Dataset entries

--------

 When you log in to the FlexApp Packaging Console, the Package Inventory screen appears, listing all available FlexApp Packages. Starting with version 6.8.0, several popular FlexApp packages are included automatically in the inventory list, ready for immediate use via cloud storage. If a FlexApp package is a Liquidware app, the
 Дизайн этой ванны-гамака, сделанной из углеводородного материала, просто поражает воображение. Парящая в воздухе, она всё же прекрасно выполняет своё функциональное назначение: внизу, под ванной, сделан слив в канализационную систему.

--------

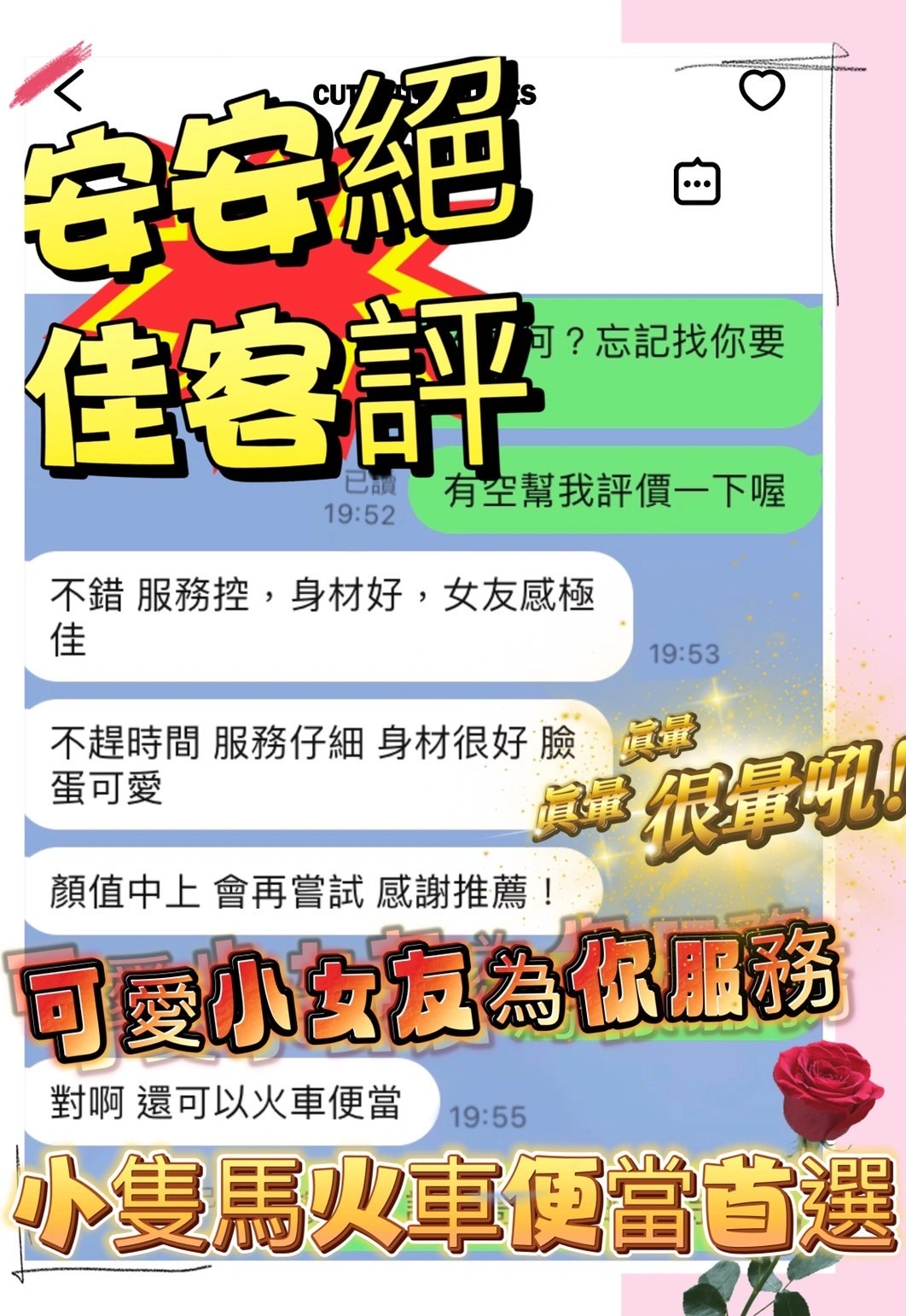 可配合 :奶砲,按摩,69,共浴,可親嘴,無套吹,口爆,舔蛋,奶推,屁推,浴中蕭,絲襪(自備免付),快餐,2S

--------

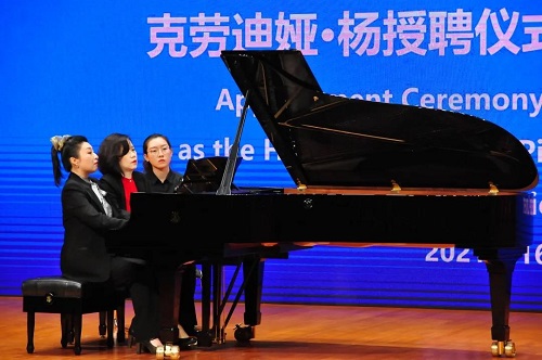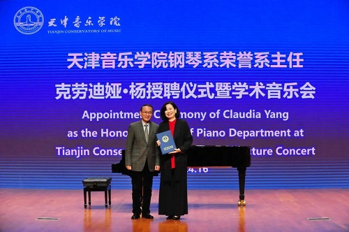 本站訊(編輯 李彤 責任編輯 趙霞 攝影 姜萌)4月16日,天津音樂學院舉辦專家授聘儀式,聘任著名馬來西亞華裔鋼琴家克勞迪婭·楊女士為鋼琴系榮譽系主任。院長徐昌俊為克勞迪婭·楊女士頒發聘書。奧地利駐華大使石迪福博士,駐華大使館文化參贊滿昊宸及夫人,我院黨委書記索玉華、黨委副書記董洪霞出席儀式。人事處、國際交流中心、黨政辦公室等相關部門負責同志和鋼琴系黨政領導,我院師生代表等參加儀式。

--------

Problem description
Of the lines above, retype only those from the line containing "When you log" through the line containing "Дизайн этой ванны-гамака, сделанной", including both, exactly.

The completed task
 When you log in to the FlexApp Packaging Console, the Package Inventory screen appears, listing all available FlexApp Packages. Starting with version 6.8.0, several popular FlexApp packages are included automatically in the inventory list, ready for immediate use via cloud storage. If a FlexApp package is a Liquidware app, the
 Дизайн этой ванны-гамака, сделанной из углеводородного материала, просто поражает воображение. Парящая в воздухе, она всё же прекрасно выполняет своё функциональное назначение: внизу, под ванной, сделан слив в канализационную систему.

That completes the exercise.